◆ DESCRIPTION OF THE TASK ◆
Please give the lines below again exactly as they stand, from the one that contains "Gelaufen: 13.08.190x mit" up to and including the one that contains "日前,伟德教务处收到教育部全", leaving all pictures out.

◆ SOURCE INFORMATION ◆
- Opening Delimiter -
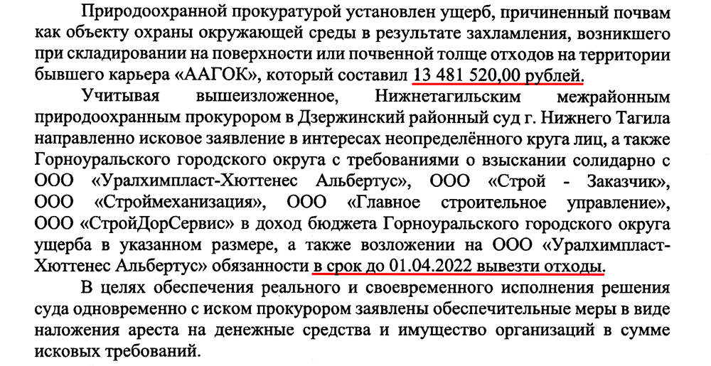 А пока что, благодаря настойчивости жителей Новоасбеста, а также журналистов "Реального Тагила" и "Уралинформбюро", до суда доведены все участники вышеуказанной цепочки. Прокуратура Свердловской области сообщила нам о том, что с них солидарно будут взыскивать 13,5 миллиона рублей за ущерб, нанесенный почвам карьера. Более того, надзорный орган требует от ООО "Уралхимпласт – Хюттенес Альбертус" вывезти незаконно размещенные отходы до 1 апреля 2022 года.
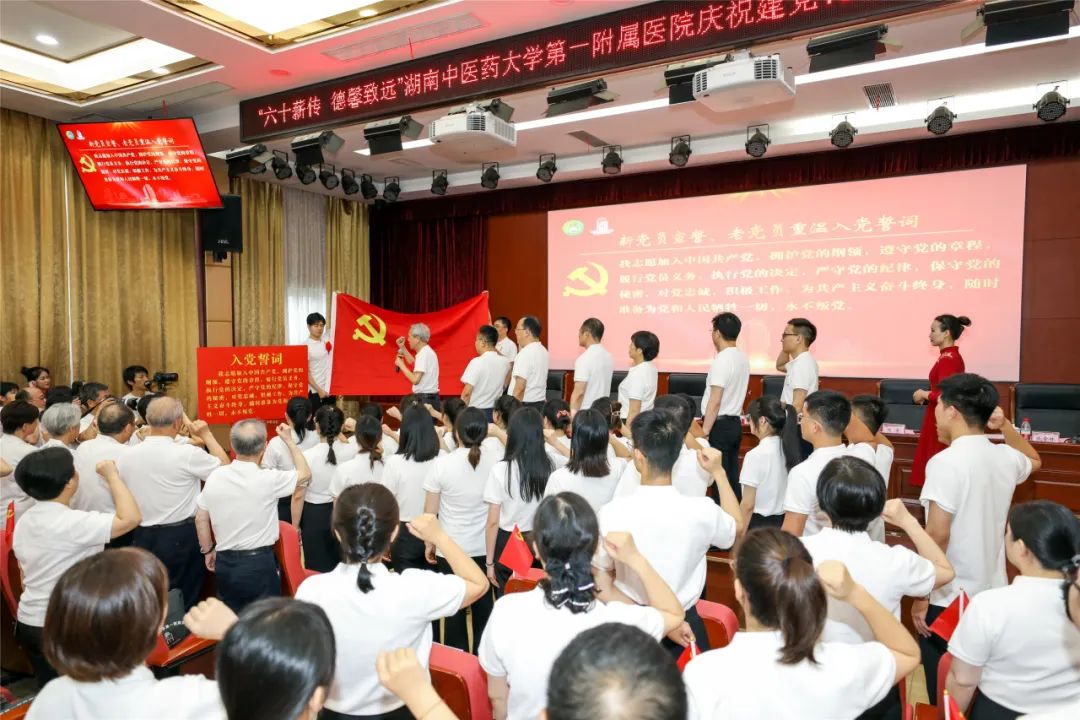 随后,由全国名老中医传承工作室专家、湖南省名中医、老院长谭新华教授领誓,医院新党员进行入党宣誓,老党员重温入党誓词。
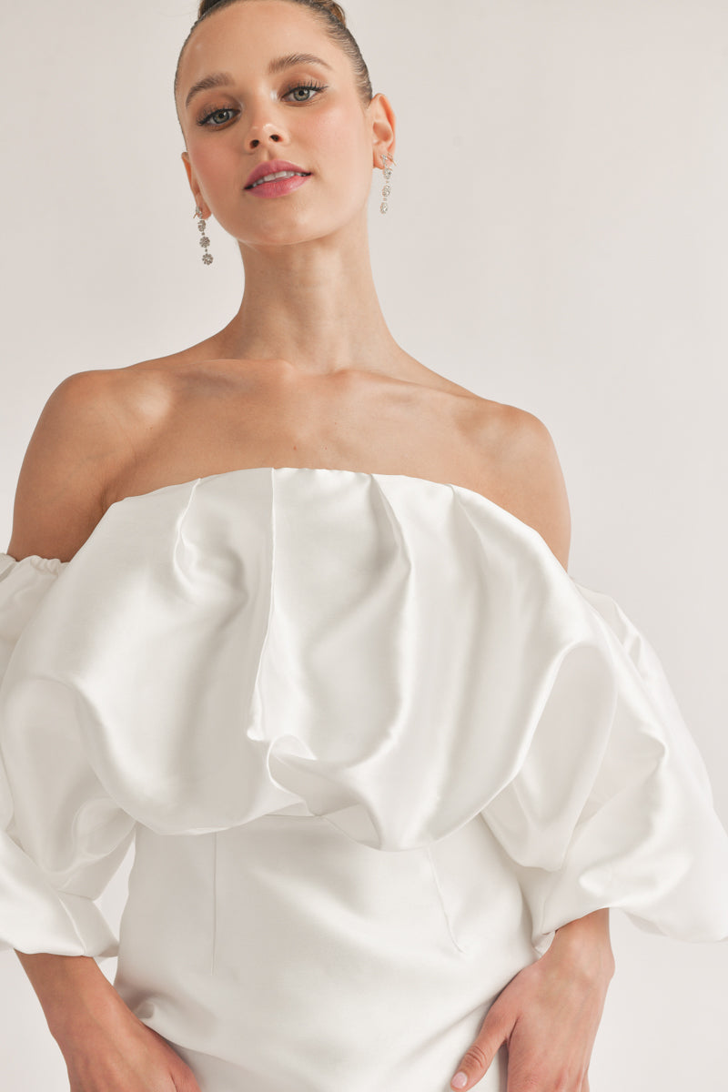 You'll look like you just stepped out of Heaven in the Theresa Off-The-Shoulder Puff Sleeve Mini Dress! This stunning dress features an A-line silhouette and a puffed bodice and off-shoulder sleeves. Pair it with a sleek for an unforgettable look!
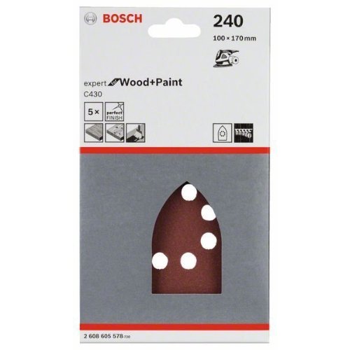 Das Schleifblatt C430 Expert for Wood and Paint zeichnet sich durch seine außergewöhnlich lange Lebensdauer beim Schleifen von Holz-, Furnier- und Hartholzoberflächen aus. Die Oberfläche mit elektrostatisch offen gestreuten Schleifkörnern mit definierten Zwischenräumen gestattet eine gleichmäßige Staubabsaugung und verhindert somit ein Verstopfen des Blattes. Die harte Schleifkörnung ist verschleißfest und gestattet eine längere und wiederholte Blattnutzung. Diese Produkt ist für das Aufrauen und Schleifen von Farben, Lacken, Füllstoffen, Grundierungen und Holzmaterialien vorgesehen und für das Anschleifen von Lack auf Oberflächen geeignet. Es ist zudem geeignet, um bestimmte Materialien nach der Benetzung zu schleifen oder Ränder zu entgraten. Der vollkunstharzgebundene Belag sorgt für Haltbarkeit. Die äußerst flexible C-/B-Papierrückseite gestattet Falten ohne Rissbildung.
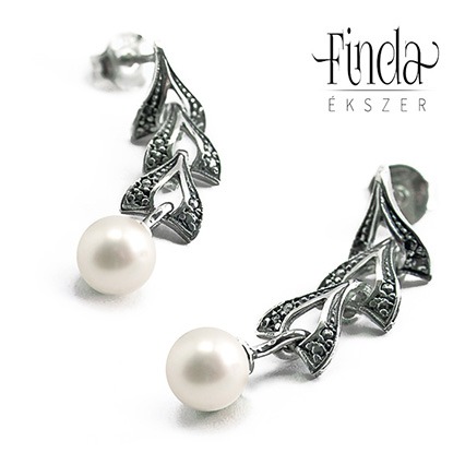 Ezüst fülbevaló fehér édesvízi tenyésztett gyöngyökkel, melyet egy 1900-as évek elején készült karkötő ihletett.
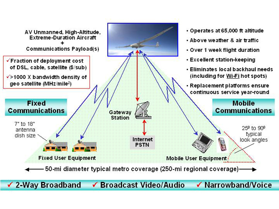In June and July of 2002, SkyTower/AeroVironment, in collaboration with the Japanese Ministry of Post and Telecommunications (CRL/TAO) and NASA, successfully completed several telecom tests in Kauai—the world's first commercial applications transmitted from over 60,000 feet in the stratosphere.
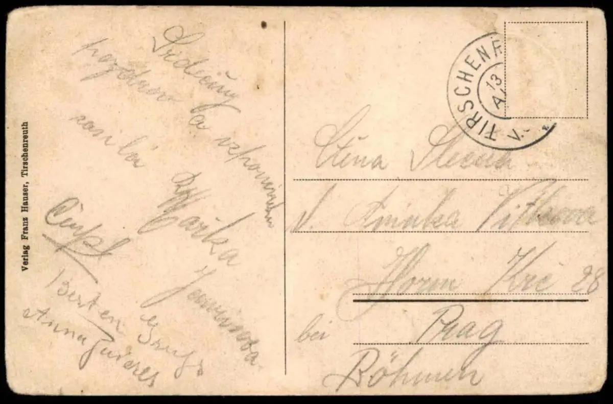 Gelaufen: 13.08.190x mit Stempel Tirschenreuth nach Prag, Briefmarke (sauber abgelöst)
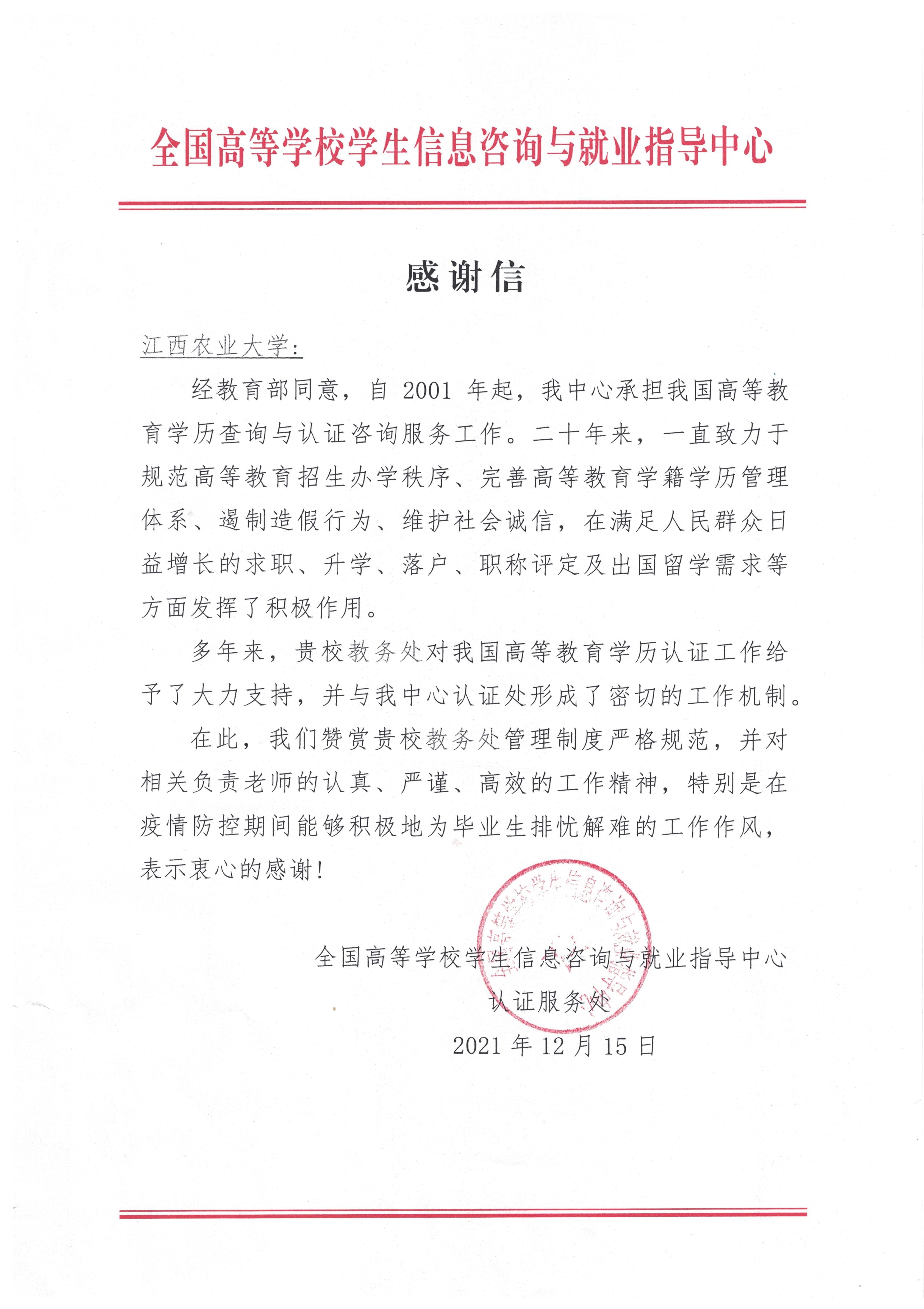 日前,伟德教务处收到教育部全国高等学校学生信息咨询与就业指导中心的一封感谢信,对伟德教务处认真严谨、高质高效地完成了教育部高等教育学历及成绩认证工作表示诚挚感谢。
- Closing Delimiter -
- Opening Delimiter -
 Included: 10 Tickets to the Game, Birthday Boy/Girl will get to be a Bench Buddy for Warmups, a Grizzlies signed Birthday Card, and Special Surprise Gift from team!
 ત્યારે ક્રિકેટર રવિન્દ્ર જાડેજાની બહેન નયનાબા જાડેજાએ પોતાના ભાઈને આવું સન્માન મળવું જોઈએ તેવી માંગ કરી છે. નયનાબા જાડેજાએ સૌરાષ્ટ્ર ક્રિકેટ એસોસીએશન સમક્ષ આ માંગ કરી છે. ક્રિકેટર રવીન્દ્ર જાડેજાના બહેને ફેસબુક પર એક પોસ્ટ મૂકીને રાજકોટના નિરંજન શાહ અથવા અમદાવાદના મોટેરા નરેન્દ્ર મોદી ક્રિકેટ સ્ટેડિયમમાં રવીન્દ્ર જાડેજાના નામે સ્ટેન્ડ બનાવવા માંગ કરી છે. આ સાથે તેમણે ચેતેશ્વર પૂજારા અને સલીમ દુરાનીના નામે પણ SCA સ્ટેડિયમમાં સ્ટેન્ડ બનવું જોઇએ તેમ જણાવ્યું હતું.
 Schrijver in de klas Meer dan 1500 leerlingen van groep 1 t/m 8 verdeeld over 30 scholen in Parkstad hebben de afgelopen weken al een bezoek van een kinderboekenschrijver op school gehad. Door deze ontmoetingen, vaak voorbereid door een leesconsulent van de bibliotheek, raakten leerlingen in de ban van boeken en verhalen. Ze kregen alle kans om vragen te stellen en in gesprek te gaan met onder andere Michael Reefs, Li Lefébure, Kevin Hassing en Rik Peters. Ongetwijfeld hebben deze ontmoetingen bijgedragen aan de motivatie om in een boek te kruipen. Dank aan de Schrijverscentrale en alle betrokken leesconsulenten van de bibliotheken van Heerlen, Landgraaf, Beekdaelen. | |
- Closing Delimiter -
- Opening Delimiter -
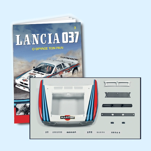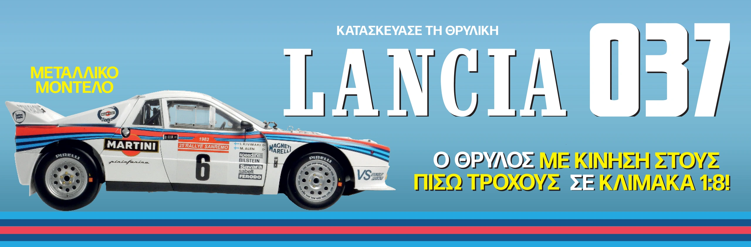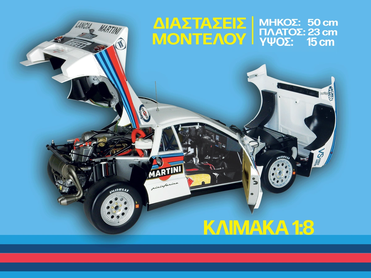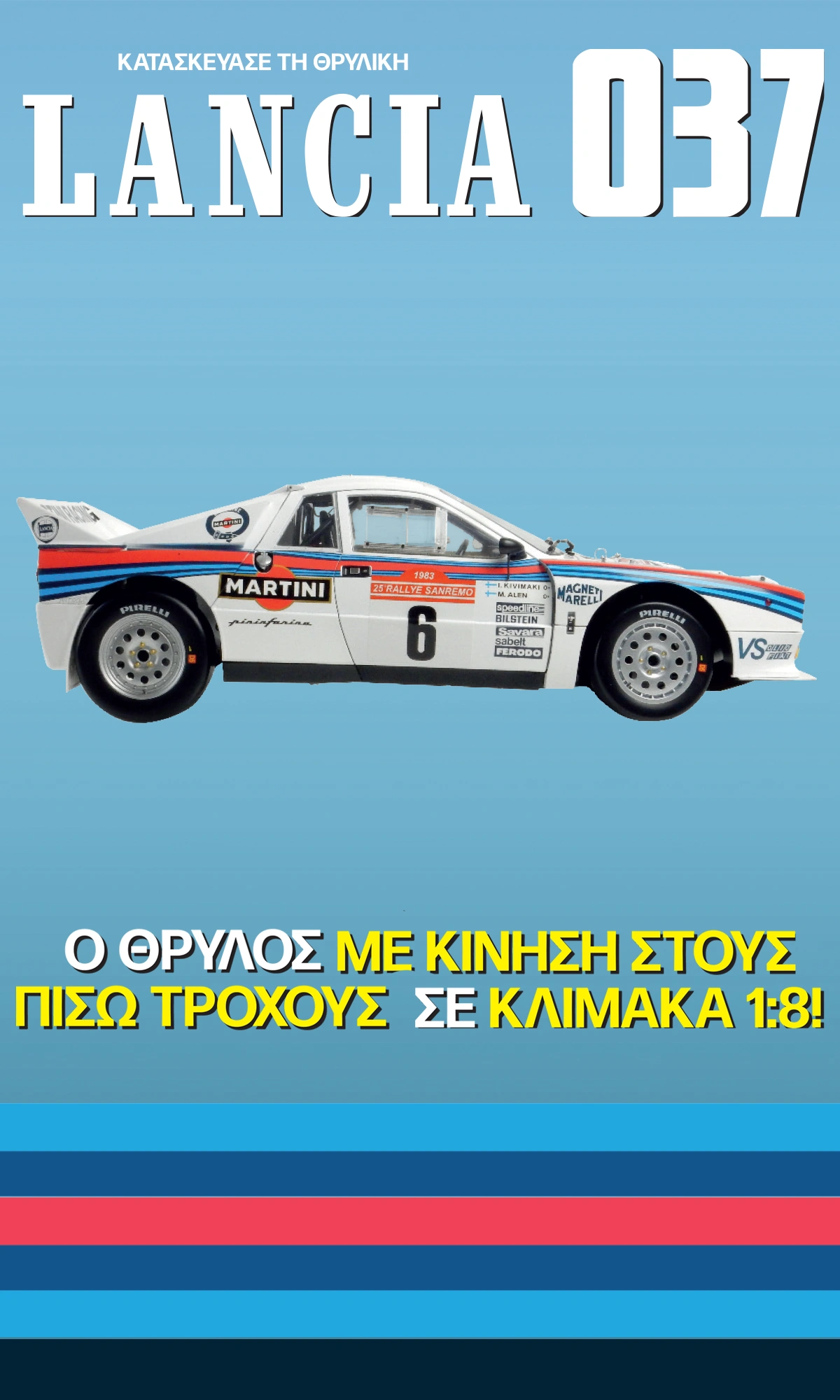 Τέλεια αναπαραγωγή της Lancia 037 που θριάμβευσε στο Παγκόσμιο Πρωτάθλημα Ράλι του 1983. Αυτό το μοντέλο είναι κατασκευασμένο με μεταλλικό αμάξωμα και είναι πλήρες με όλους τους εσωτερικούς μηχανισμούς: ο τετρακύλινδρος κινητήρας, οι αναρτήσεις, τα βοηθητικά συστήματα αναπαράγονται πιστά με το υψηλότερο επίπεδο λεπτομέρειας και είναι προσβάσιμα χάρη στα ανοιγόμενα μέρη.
- Closing Delimiter -
◆ EXPECTED ANSWER ◆
 Gelaufen: 13.08.190x mit Stempel Tirschenreuth nach Prag, Briefmarke (sauber abgelöst)
 日前,伟德教务处收到教育部全国高等学校学生信息咨询与就业指导中心的一封感谢信,对伟德教务处认真严谨、高质高效地完成了教育部高等教育学历及成绩认证工作表示诚挚感谢。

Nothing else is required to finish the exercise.